→ **To do**:
Starting at the line containing "Welcome home to" and ending at the line containing "Metal krog med plastik krukke.", transcribe the listing below exactly. Keep both end lines, skip the pictures, and copy nothing else.

→ **Data in this exercise**:
★ ★ ★ ★
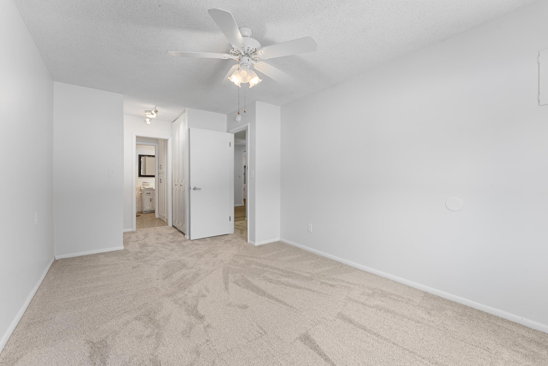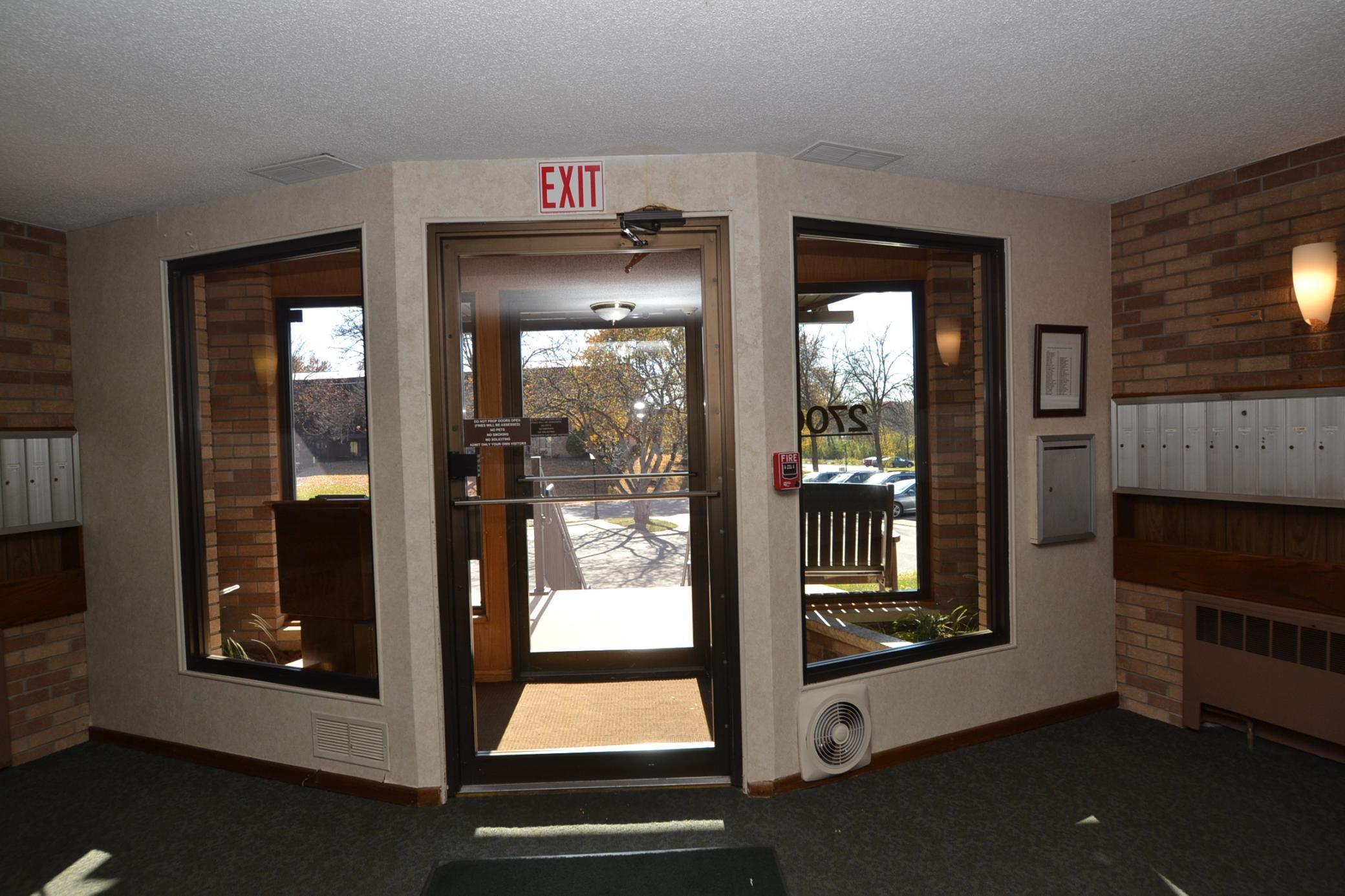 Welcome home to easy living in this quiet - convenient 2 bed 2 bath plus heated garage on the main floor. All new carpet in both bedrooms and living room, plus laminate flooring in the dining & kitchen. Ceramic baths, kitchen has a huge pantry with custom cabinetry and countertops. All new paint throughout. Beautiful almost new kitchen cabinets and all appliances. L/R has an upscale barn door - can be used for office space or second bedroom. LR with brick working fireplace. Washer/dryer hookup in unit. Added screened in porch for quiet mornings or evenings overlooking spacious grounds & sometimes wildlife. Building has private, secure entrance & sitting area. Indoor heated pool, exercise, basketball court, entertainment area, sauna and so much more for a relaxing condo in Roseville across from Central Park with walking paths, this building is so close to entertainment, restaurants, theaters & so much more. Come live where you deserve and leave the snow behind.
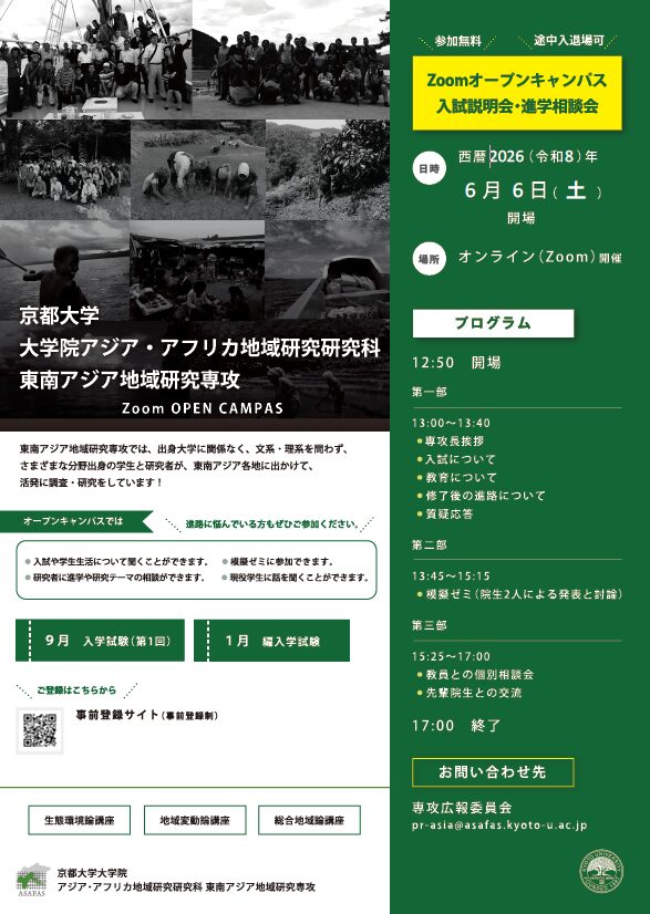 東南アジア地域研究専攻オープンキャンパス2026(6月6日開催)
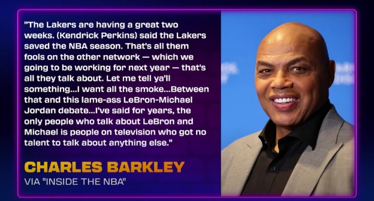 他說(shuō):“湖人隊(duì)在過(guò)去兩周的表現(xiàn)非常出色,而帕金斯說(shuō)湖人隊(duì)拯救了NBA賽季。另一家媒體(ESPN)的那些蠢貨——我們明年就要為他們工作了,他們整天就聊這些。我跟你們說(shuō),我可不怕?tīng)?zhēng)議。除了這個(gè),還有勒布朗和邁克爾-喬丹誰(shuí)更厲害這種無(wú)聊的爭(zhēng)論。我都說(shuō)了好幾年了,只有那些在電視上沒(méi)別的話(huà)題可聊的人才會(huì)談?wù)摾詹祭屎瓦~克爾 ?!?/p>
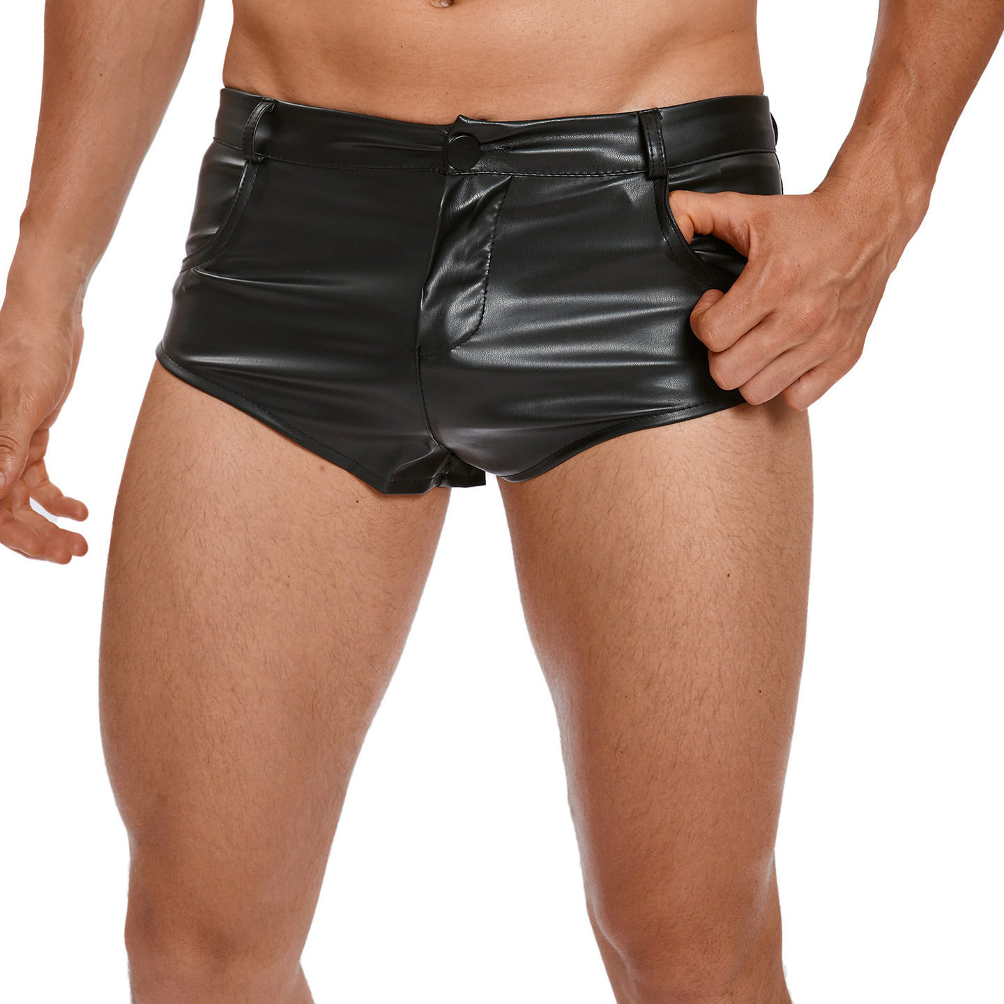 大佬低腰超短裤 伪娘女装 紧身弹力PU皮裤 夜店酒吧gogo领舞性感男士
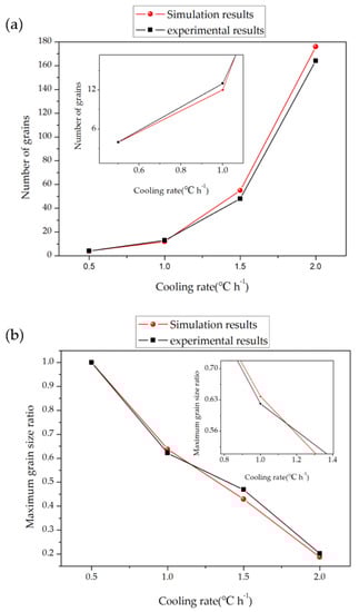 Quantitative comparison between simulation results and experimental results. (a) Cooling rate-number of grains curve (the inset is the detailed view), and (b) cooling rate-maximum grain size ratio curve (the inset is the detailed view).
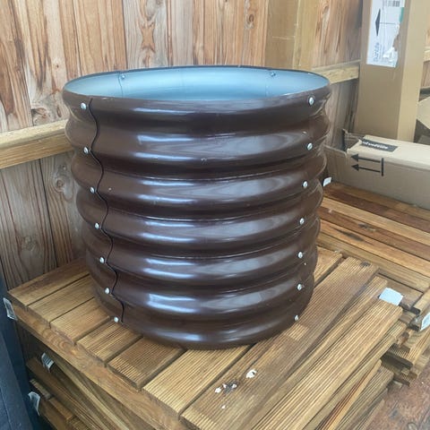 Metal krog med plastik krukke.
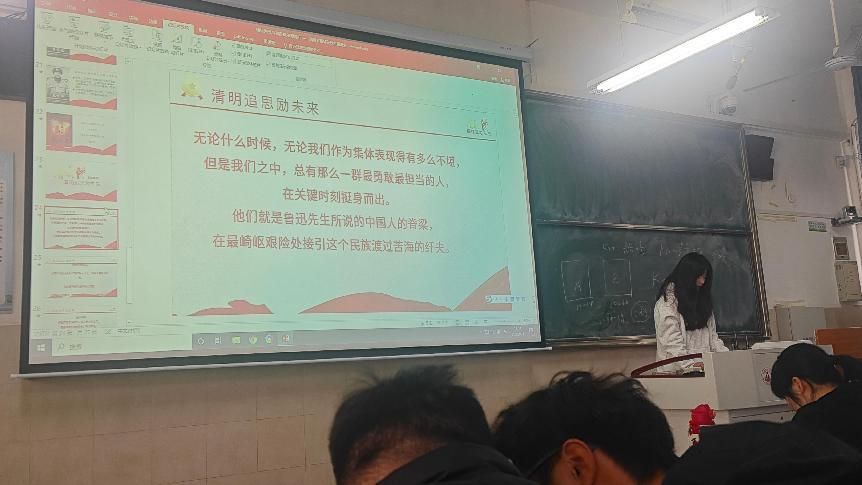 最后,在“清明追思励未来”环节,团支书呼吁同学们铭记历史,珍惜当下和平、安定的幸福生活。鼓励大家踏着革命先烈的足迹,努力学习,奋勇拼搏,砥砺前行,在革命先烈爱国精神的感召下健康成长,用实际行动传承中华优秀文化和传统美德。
★ ★ ★ ★
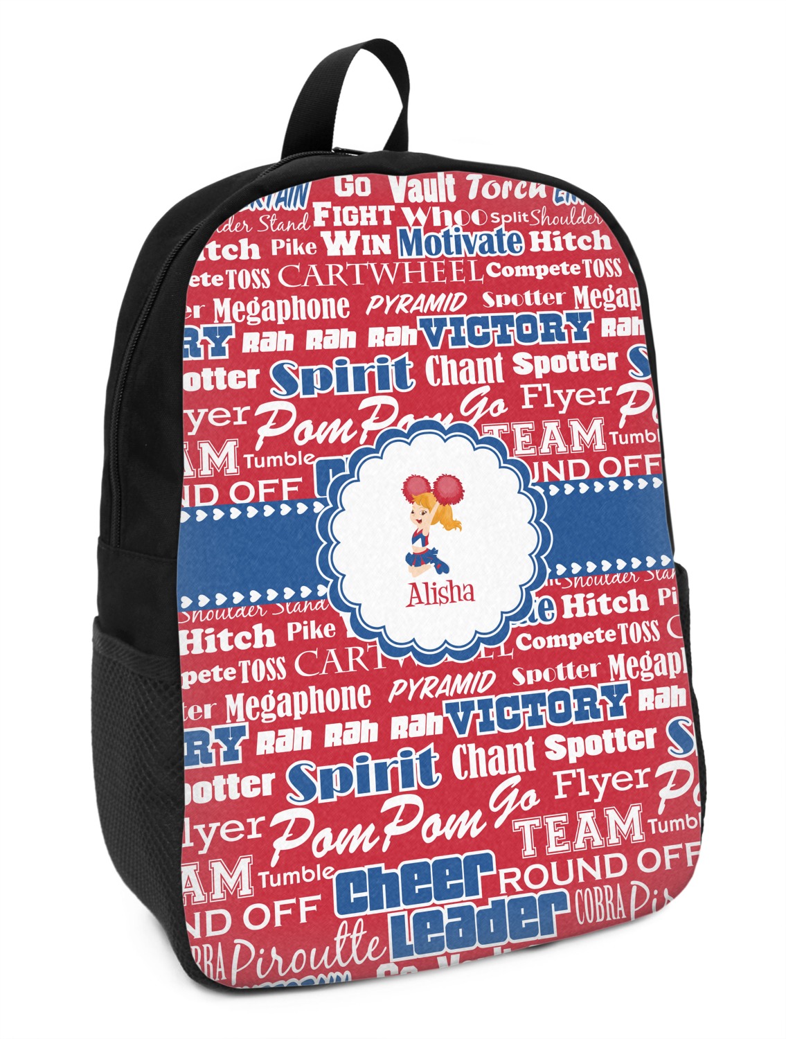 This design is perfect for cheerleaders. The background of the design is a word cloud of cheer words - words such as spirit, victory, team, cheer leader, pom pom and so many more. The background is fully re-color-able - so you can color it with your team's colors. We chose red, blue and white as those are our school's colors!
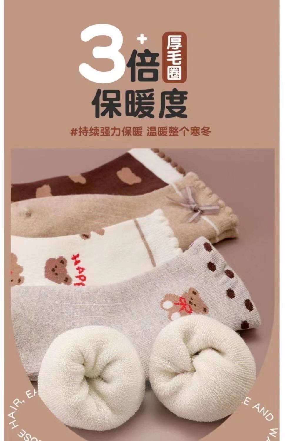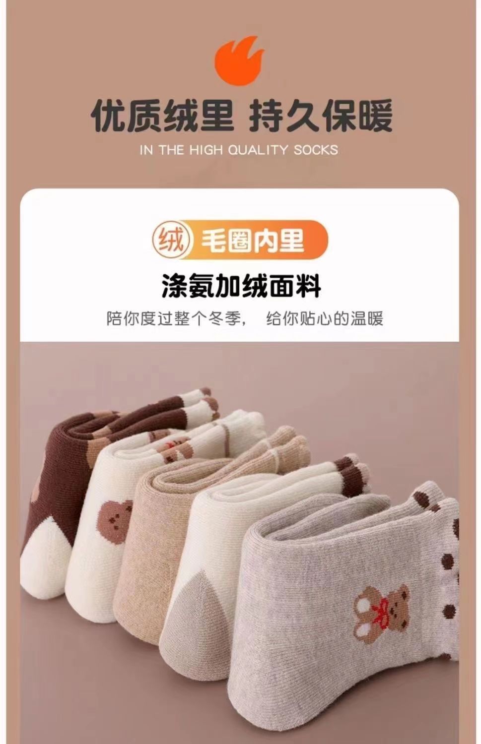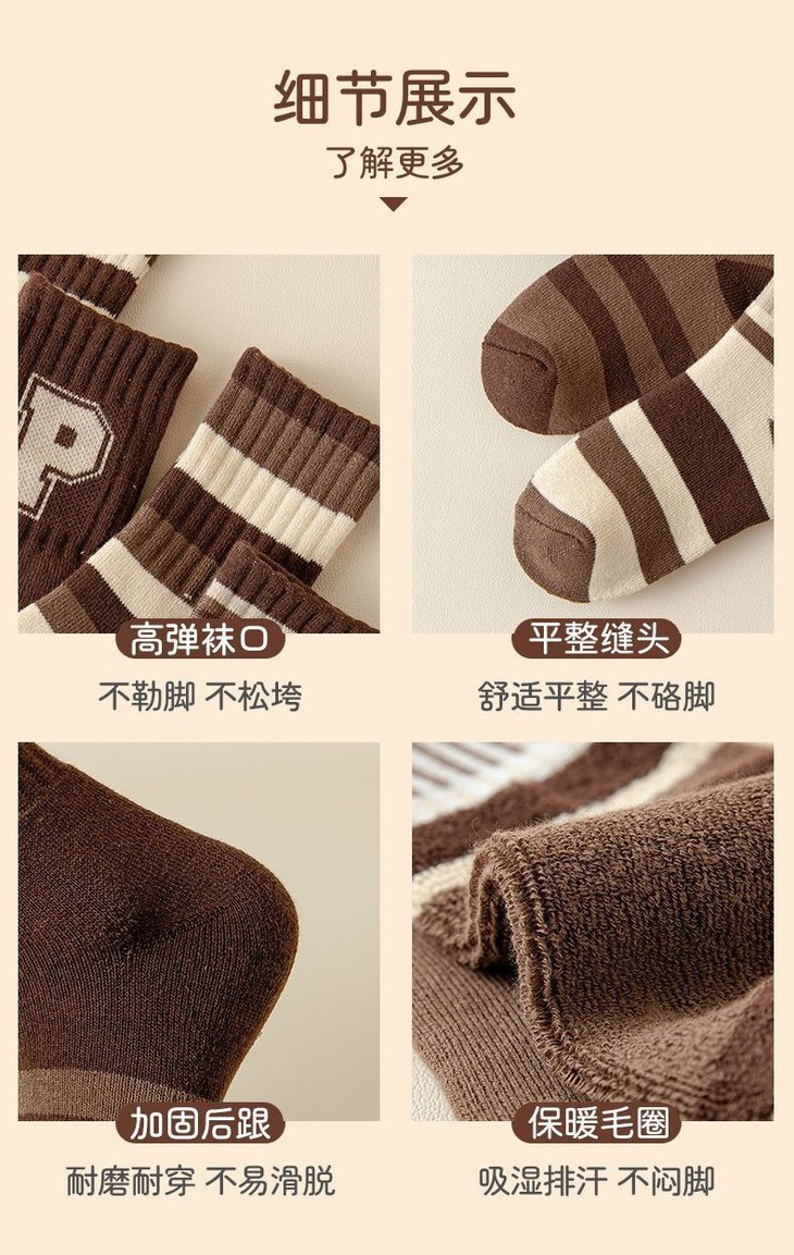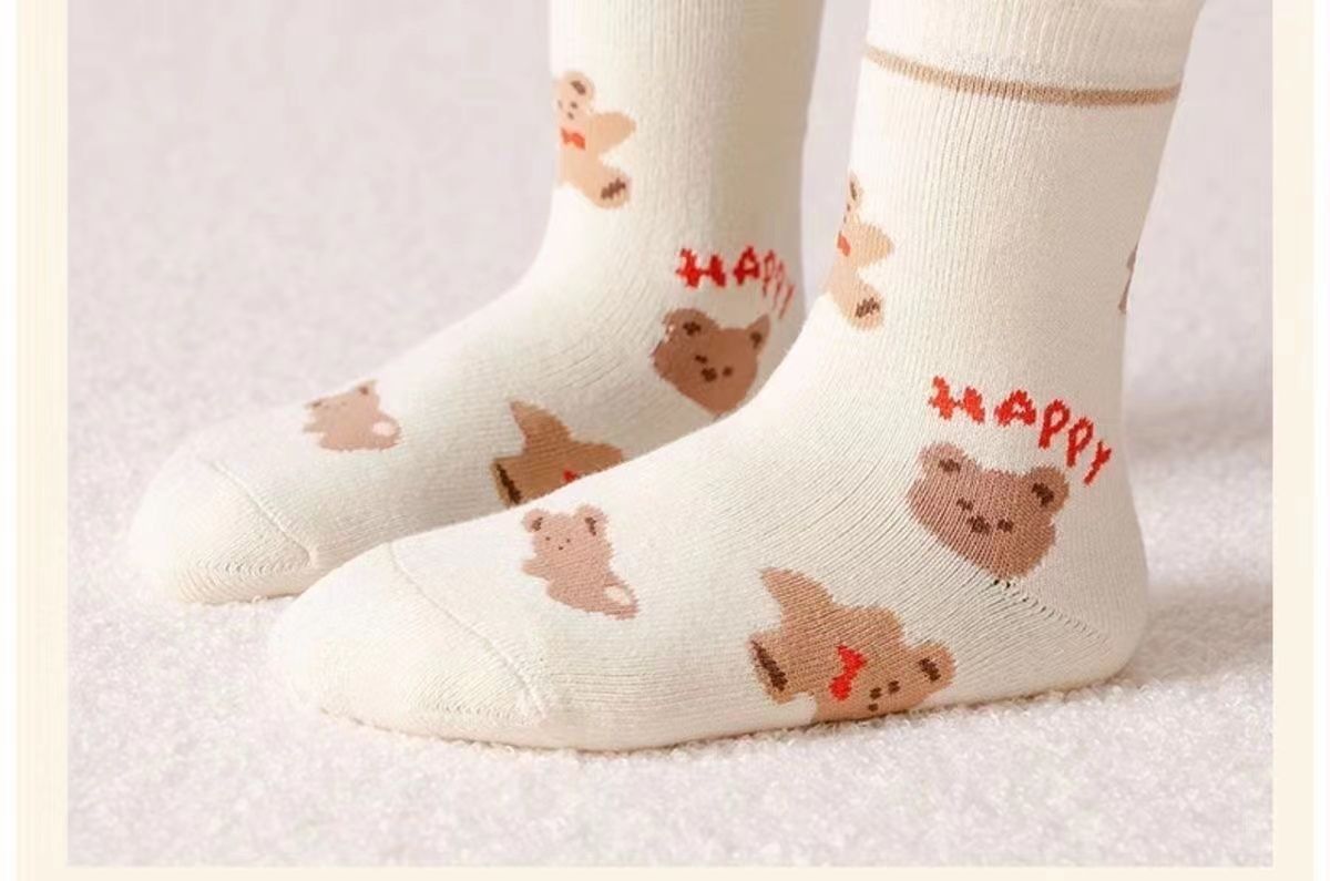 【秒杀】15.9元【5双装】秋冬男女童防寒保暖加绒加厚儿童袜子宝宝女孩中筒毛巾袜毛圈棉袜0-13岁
★ ★ ★ ★
→ **Completed task**:
 Welcome home to easy living in this quiet - convenient 2 bed 2 bath plus heated garage on the main floor. All new carpet in both bedrooms and living room, plus laminate flooring in the dining & kitchen. Ceramic baths, kitchen has a huge pantry with custom cabinetry and countertops. All new paint throughout. Beautiful almost new kitchen cabinets and all appliances. L/R has an upscale barn door - can be used for office space or second bedroom. LR with brick working fireplace. Washer/dryer hookup in unit. Added screened in porch for quiet mornings or evenings overlooking spacious grounds & sometimes wildlife. Building has private, secure entrance & sitting area. Indoor heated pool, exercise, basketball court, entertainment area, sauna and so much more for a relaxing condo in Roseville across from Central Park with walking paths, this building is so close to entertainment, restaurants, theaters & so much more. Come live where you deserve and leave the snow behind.
 東南アジア地域研究専攻オープンキャンパス2026(6月6日開催)
 他說(shuō):“湖人隊(duì)在過(guò)去兩周的表現(xiàn)非常出色,而帕金斯說(shuō)湖人隊(duì)拯救了NBA賽季。另一家媒體(ESPN)的那些蠢貨——我們明年就要為他們工作了,他們整天就聊這些。我跟你們說(shuō),我可不怕?tīng)?zhēng)議。除了這個(gè),還有勒布朗和邁克爾-喬丹誰(shuí)更厲害這種無(wú)聊的爭(zhēng)論。我都說(shuō)了好幾年了,只有那些在電視上沒(méi)別的話(huà)題可聊的人才會(huì)談?wù)摾詹祭屎瓦~克爾 ?!?/p>
 大佬低腰超短裤 伪娘女装 紧身弹力PU皮裤 夜店酒吧gogo领舞性感男士
 Quantitative comparison between simulation results and experimental results. (a) Cooling rate-number of grains curve (the inset is the detailed view), and (b) cooling rate-maximum grain size ratio curve (the inset is the detailed view).
 Metal krog med plastik krukke.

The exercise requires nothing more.